Read noise is a per pixel noise, and it is added to the photon noise and the dark noise for each pixel. So, because the signal cannot be bigger than the full well capacity, the S/N of small pixels must be lower than the S/N of big pixels unless read noise and dark noise are less for small pixels, and they are not.
(2) Because photon noise is equal to the square root of photon flux,
the lowest possible signal to noise ratio for a sensor is the square
root of the full well capacity. Smaller pixels have lower full well
capacity (because they have smaller wells) and lower S/N. You can
get around that by binning pixels, but only by giving up resolution.
But the comparison is to bigger pixels, which also give up resolution!
Bigger pixels give up theoretical resolution but not actual resolution, because of the limitations of lenses, which is exactly the point Luminous Landscape was making.

The limitations on printed images are also important. Printing a 10 x 8 at 300 dpi means 7.2MP. A D700 has 12MP on 864 square mm = 72 square microns each (roughly, ignoring waste space). An E520 has 10MP on 216 square mm of sensor = 22 square microns each. If you bin the pixels in the E520 in 2 x 2 blocks, so they are a bit bigger than the pixels in the D700, you only have 2.5MP to print with and your 10 x 8 can only be at 180dpi.
--
'Tell me Mr Clarke, have you ever heard of Bishop Barclay?'
'Of course I have.
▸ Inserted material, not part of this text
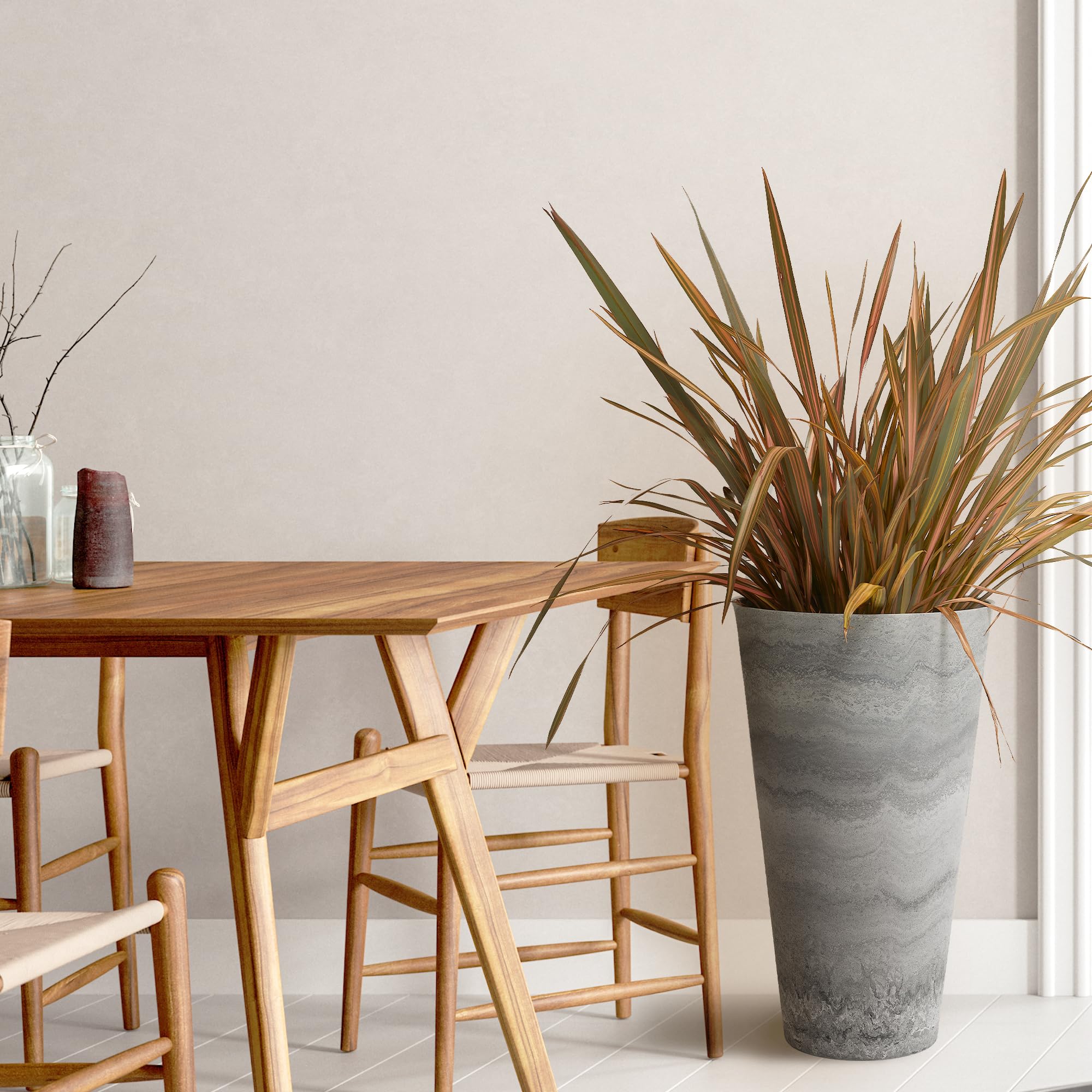 Améliorez votre espace intérieur ou extérieur avec le lot de 2 pots de fleurs ronds coniques Worth Garden gris mat. Construction durable : fabriqués à partir de plastique de haute qualité, ces pots sont conçus pour résister aux éléments et fournir une utilisation durable. Résistantes et durables, elles sont parfaites pour une utilisation en intérieur et en extérieur. Worth Lot De 2 Grands Pots De Fleurs Ronds Classiques En Conception avec trous de drainage et plateau] Ce pot de fleur pour cadre de fenêtre est livré avec un plateau pour pot de fleur et 2 trous de drainage, qui... Worth Lot De 2 Grands Pots De Fleurs Ronds Classiques En Plastique Idéal pour les porches, terrasses, ou tout espace de vie, ces pots polyvalents vous permettent de créer une atmosphère luxuriante et accueillante. Envoyez un e-mail à tout moment pour obtenir Notre équipe est là pour vous aider ! Taille généreuse : hauteur de 62,2 cm offrant suffisamment d'espace pour que les plantes s'épanouissent. Améliorez votre environnement avec le lot de 2 pots de fleurs ronds coniques Worth Garden gris mat. Design léger mais robuste permettant un déplacement pratique si nécessaire.

His brother used to be captain of India.'
 
But camera sensors are photon noise
limited only when light is veru bright, and most of the time they are
read noise limited. Read noise is a per pixel noise, so smaller
pixels must have lower signal to noise ratios.
But that depends on how the read noise scales with pixel size and
in practise, it seems that for a broad range of pixels sizes, it scales
in a way that doesn't increase the image noise when the pixel get smaller.
Do you have evidence for this? It's true that both read noise and pixel size have decreased over time, but sensor technology has been improving. Roger Clark tested several cameras, and concluded that there is no real trend with pixel pitch:

http://www.clarkvision.com/imagedetail/digital.sensor.performance.summary/index.html#read_noise

--
Alan Martin
 
(2) Because photon noise is equal to the square root of photon flux,
the lowest possible signal to noise ratio for a sensor is the square
root of the full well capacity. Smaller pixels have lower full well
capacity (because they have smaller wells) and lower S/N. You can
get around that by binning pixels, but only by giving up resolution.
In the extreme case, if you treat the whole sensor as a single pixel,
S/N is determined by sensor area - but you do not have an image.
Fortunately, there is an alternative, which is used by most digital cameras: algorithmic noise reduction. Like downsampling, this gives up resolution - but only for low-contrast detail. So I think the image-quality argument for larger pixels (on the same sensor size) comes down to read noise, not photon noise.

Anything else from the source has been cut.